The metadata for a table is structured as:
- {
“description”: …, “columns”: {
- <COLUMN>: {
“description”: …, “data_type”: …,
}
}, **other_metadata
}
If a list of tables or no table is provided the metadata is nested one additional level:
- {
- “table_name”: {
- {
“description”: …, “columns”: {
<COLUMN>: { “description”: …, “data_type”: …, }
}, **other_metadata
}
}
}
- Parameters:
table (str | list[str] | None) – The name of the table to return the schema for. If None returns schema for all available tables.
- Returns:
metadata – Dictionary of metadata indexed by table (if no table was was provided or individual table metdata.
- Return type:
dict
- IntakeSQLSource.get_schema(table: str | None = None, limit: int | None = None, shuffle: bool = False) dict[str, dict[str, Any]] | dict[str, Any] #
Returns JSON schema describing the tables returned by the Source.
- Parameters:
table (str | None) – The name of the table to return the schema for. If None returns schema for all available tables.

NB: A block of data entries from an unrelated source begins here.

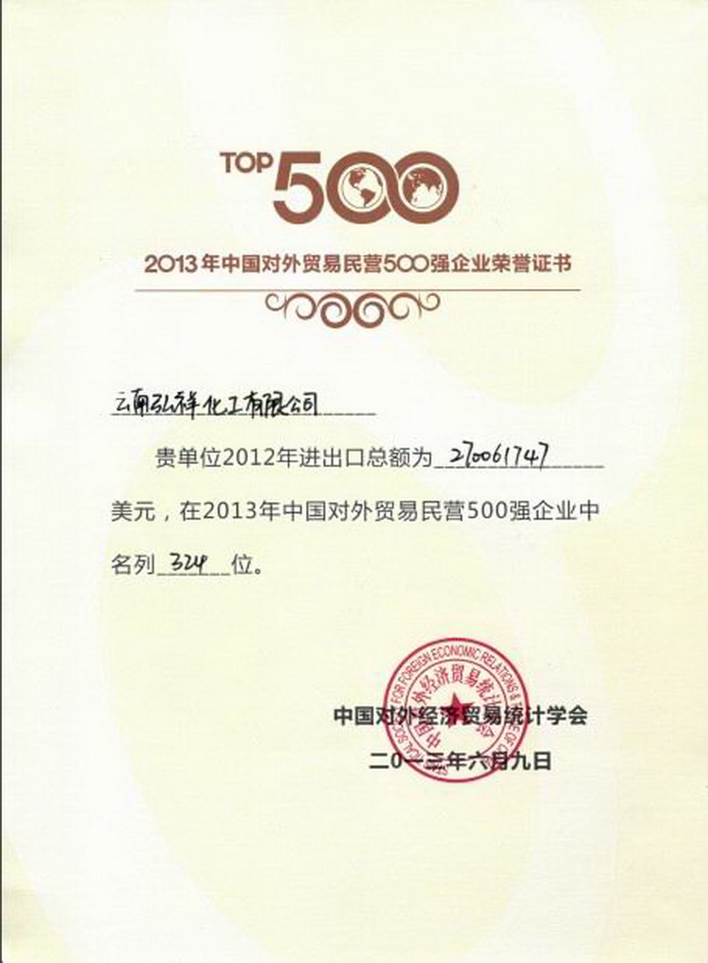 2013中國對外貿(mào)易民營500強(qiáng)企業(yè)
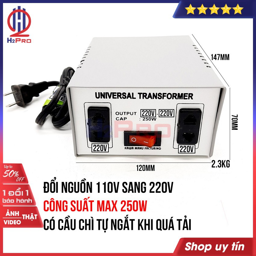 Nhà cửa & Đời sống > Dụng cụ & Thiết bị tiện ích > Dụng cụ > Khác || Bộ đổi nguồn 220V sang 110V-100V hoặc đổi nguồn 110V sang 220V KAWA H2Pro 250W cao cấp, chất lượng cao-an toànCòn hàng
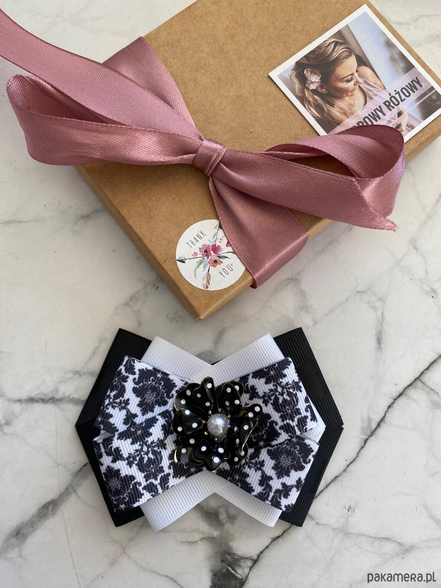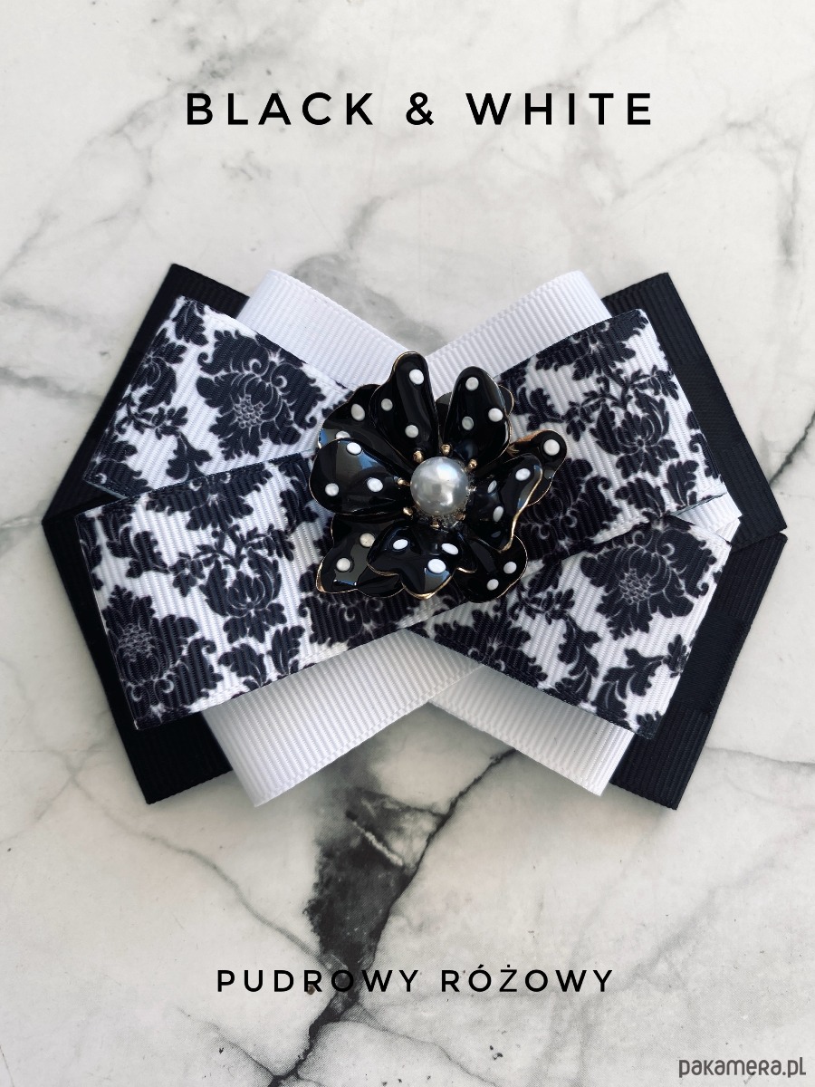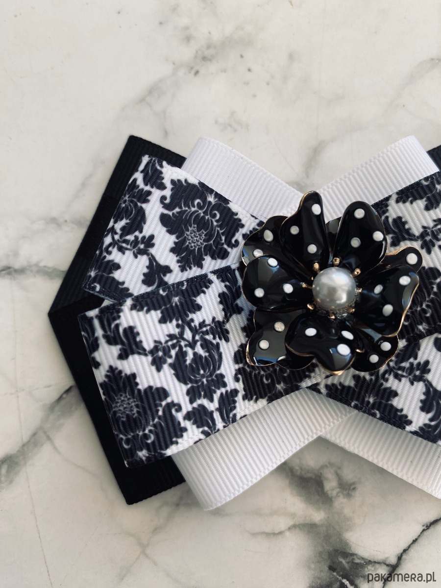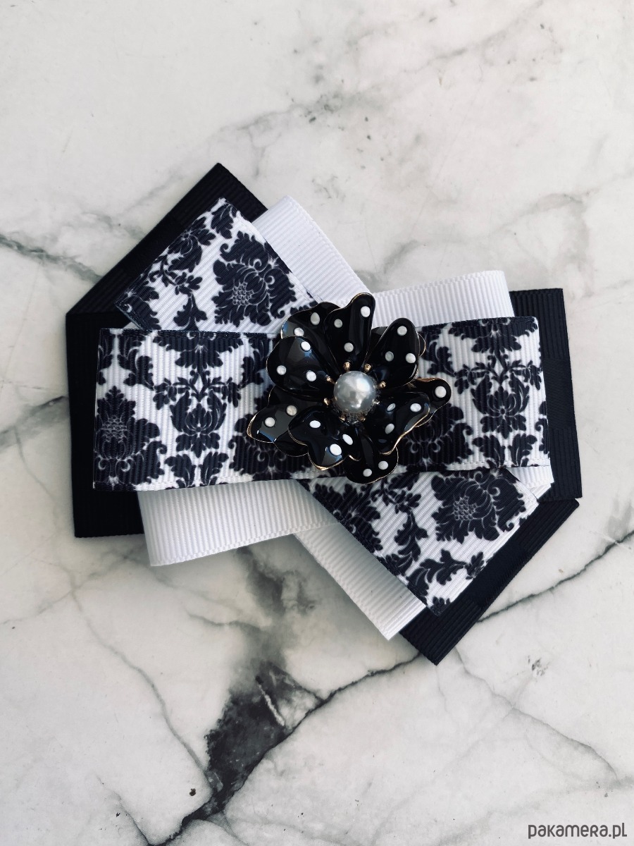 Brosza Black & White z efektowym kwiatem w kropeczki New
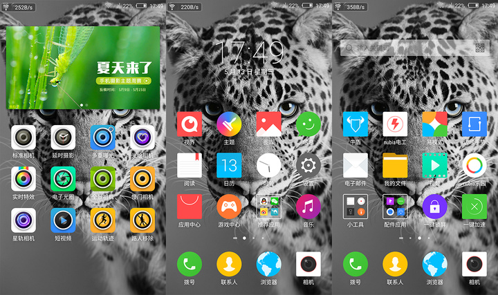 在系统上,nubia Z9 搭载的是基于 Android 5.02 定制的 nubia UI 3.0,扁平化的 UI 设计,比之前的版本更加耐看一些。系统自带应用的图标形状是圆形和方形兼而有之,同时也对一些常见的图标进行了重绘。这次它并没有盲目地像 iOS 看齐。
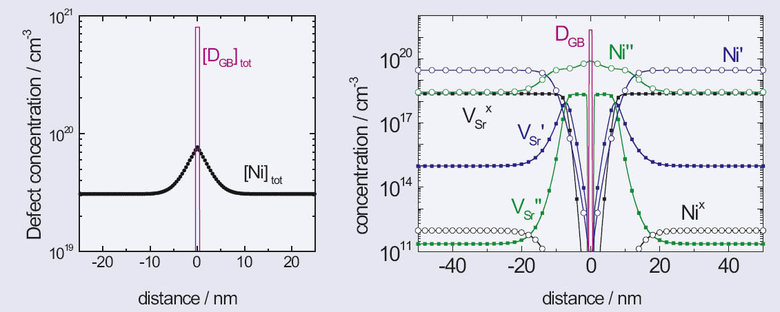 This leads to a detailed picture of the defect chemistry near the GBs which is completely different from the situation within the space-charge-free bulk. Furthermore, the spatial profiles of the band bending, the electrostatic potential, the electrical field, and the conductivity are calculated along the simulation axis.
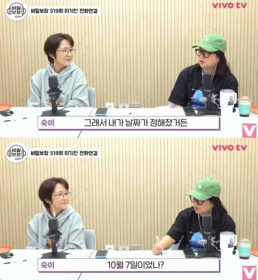 여기에 지난 5월 김숙은 송은이, 이기찬과 대화 중 "내가 날짜가 정해졌다. 10월 7일이었나"라고 언급해 의혹에 불을 지폈다.
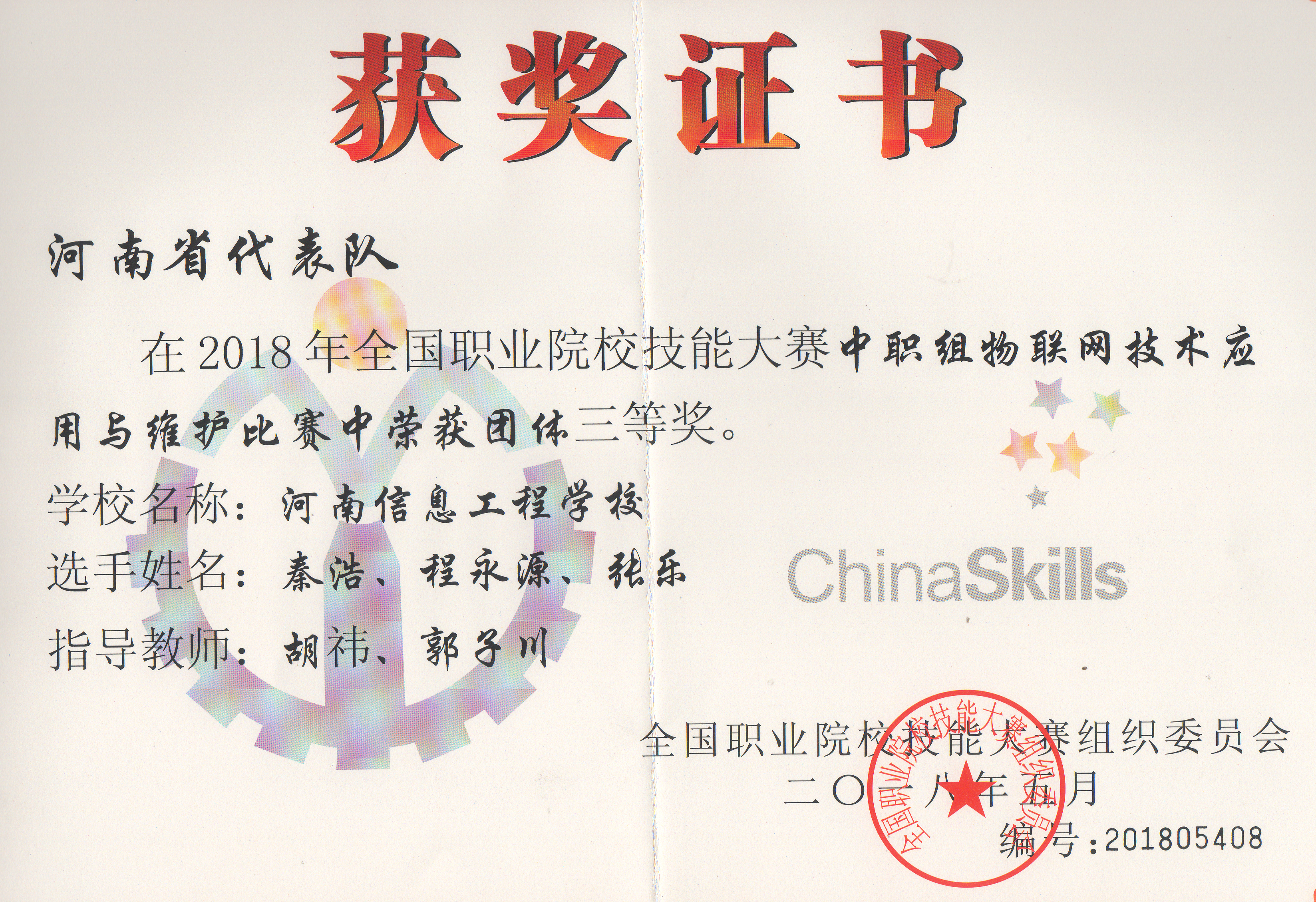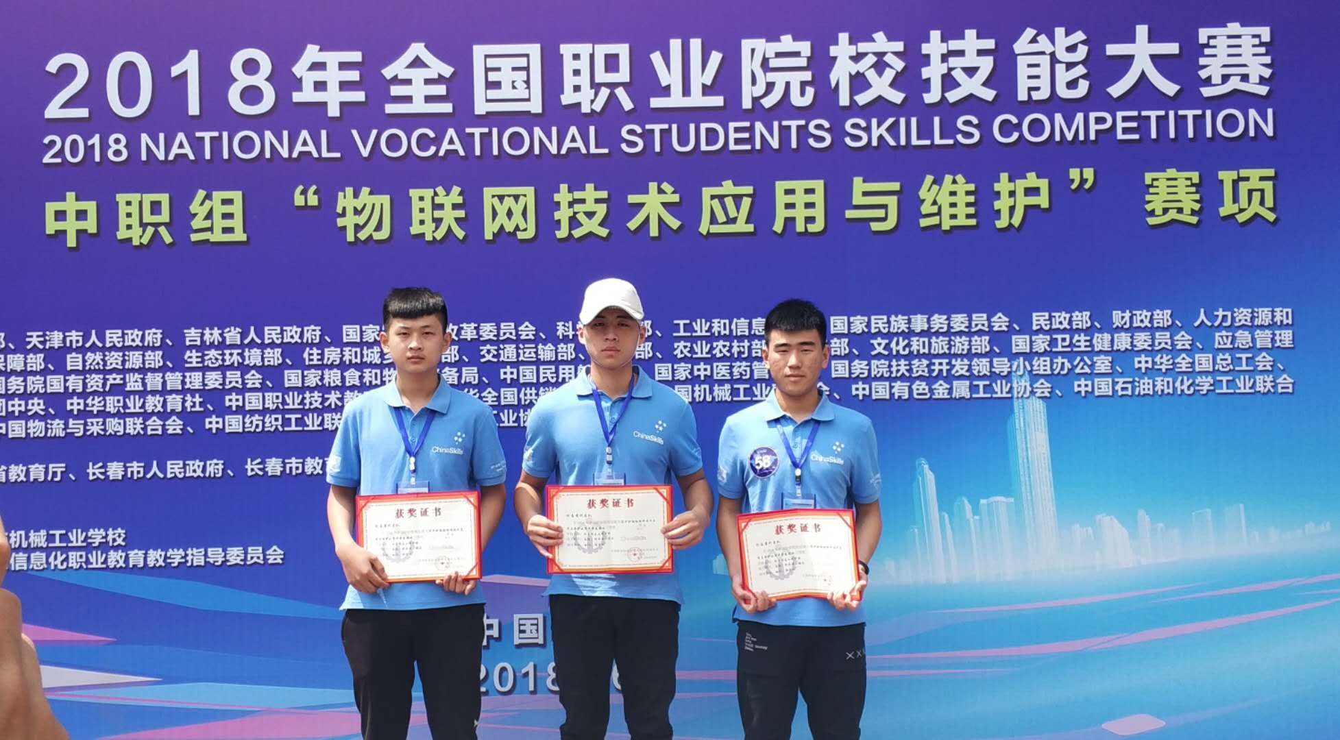 2018年6月1日-3日,2018年全国职业院校技能大赛“物联网技术应用与维护”在长春市机械工业学校举办。本次大赛有来自全国33个省、自治区、直辖市和计划单列市的116支代表队,总计348名选手同场竞技。由我校电子工程系老师:胡祎、郭子川;学生:秦浩、程永源、张乐组成的河南省代表队参加了本次比赛,获得了该赛项三等奖的好成绩。

limit (int | None) – Limits the number of rows considered for the schema calculation
- Returns:
JSON schema(s) for one or all the tables.
- Return type:
dict
- IntakeSQLSource.get_sql_expr(table)#
Returns the SQL expression corresponding to a particular table.
- IntakeSQLSource.get_tables()#
Returns the list of tables available on this source.
- Returns:
The list of available tables on this source.
- Return type:
list
- IntakeSQLSource.normalize_table(table: str) str #
Allows implementing table name normalization to allow fuzze matching of the table name for minor variations such as quoting differences.
- IntakeSQLSource.to_spec(context: dict[str, Any] | None = None) dict[str, Any] #
Exports the full specification to reconstruct this component.
- Return type:
Resolved and instantiated Component object